Iterate each subflow of msk, check the scheduled flag to test if it is
picked by the scheduler. If so, use it to send data.

Signed-off-by: Geliang Tang <geliang.tang@suse.com>
---
 net/mptcp/protocol.c | 62 ++++++++++++++++++++++++++++----------------
 1 file changed, 39 insertions(+), 23 deletions(-)

diff --git a/net/mptcp/protocol.c b/net/mptcp/protocol.c
index be62126d7c63..bbf55a0fe314 100644
--- a/net/mptcp/protocol.c
+++ b/net/mptcp/protocol.c
@@ -2430,16 +2430,17 @@ static void mptcp_check_fastclose(struct mptcp_sock *msk)

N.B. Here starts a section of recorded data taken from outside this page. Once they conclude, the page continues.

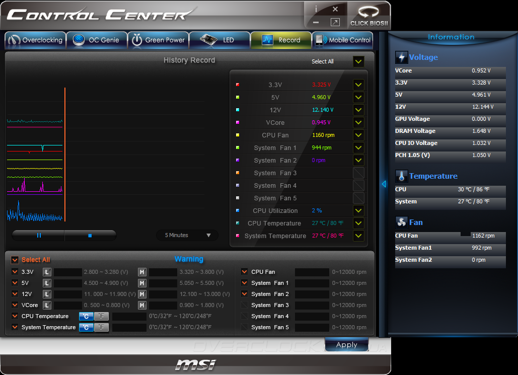 Помимо вывода показаний мониторинга на боковую панель, программа Control Center позволяет отслеживать динамику изменения параметров и сигнализировать о достижении предельных значений.
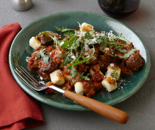 Using tongs, transfer the meat to a deep serving dish. Spoon some of the braising liquid over the gnocchi and toss to coat. Spoon the gnocchi over the meat, and pour the remaining braising liquid over the top.
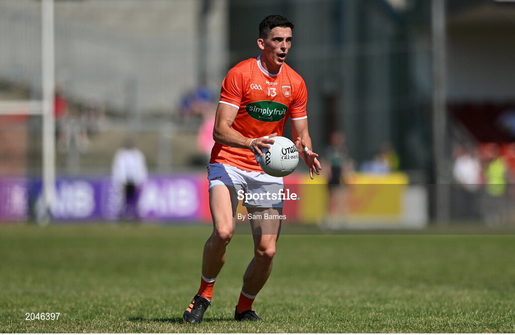 17 July 2021; Rory Grugan of Armagh during the Ulster GAA Football Senior Championship Semi-Final match between Armagh and Monaghan at Páirc Esler in Newry, Down. Photo by Sam Barnes/Sportsfile
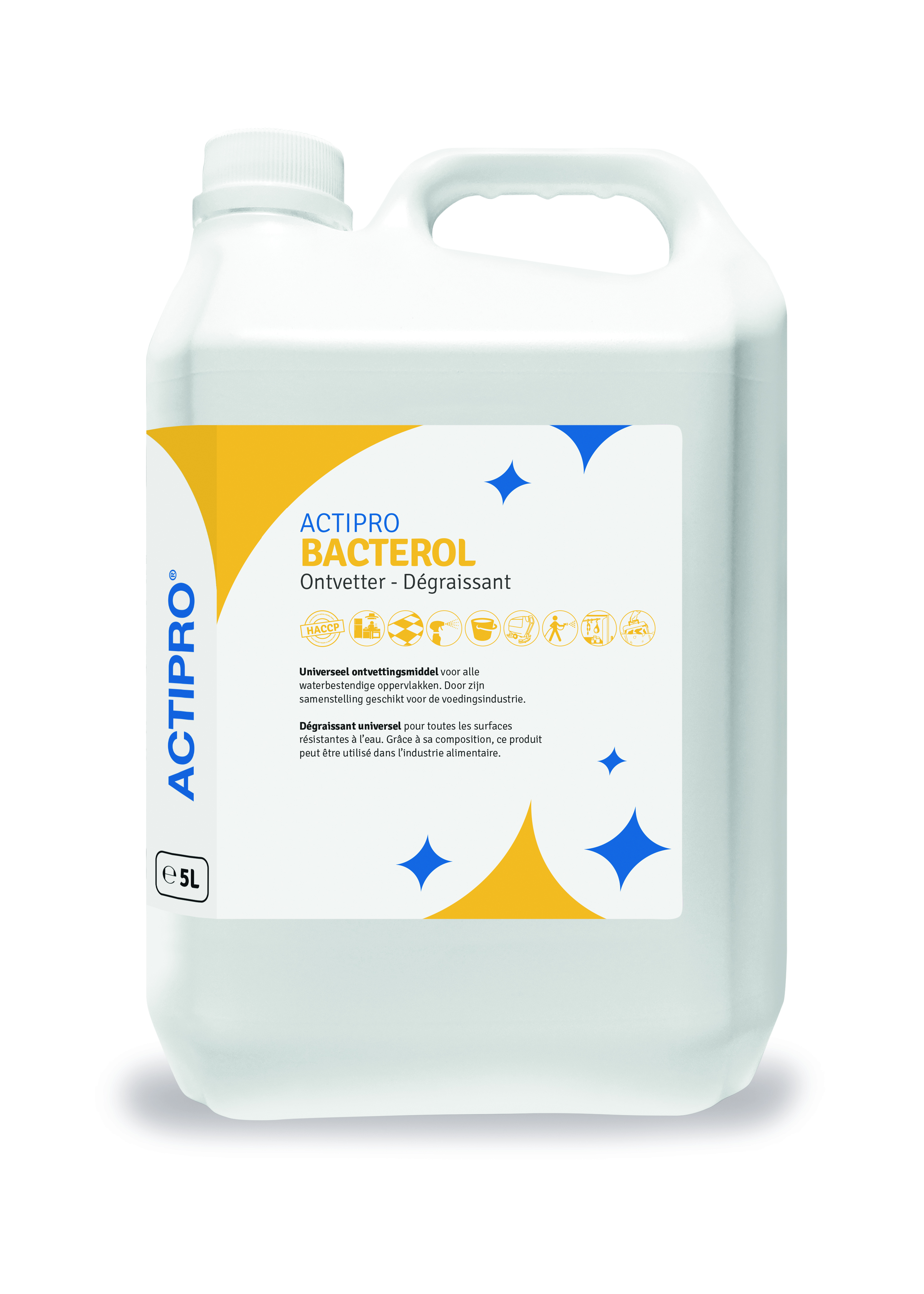 Universeel ontvettingsmiddel. Door zijn samenstelling geschikt voor gebruik in de voedingsindustrie. Ontvet alle oppervlakken zoals inox, polyester, pvc, plastiek, staal, beton, keramiek, hout, steen, glas… Niet geschikt voor aluminium.

 static void __mptcp_retrans(struct sock *sk)
 {
 	struct mptcp_sock *msk = mptcp_sk(sk);
+	struct mptcp_subflow_context *subflow;
 	struct mptcp_sendmsg_info info = {};
 	struct mptcp_data_frag *dfrag;
-	size_t copied = 0;
 	struct sock *ssk;
-	int ret;
+	int ret, err;
+	u16 len = 0;
 
 	mptcp_clean_una_wakeup(sk);
 
 	/* first check ssk: need to kick "stale" logic */
-	ssk = mptcp_subflow_get_retrans(msk);
+	err = mptcp_sched_get_retrans(msk);
 	dfrag = mptcp_rtx_head(sk);
 	if (!dfrag) {
 		if (mptcp_data_fin_enabled(msk)) {
@@ -2458,31 +2459,46 @@ static void __mptcp_retrans(struct sock *sk)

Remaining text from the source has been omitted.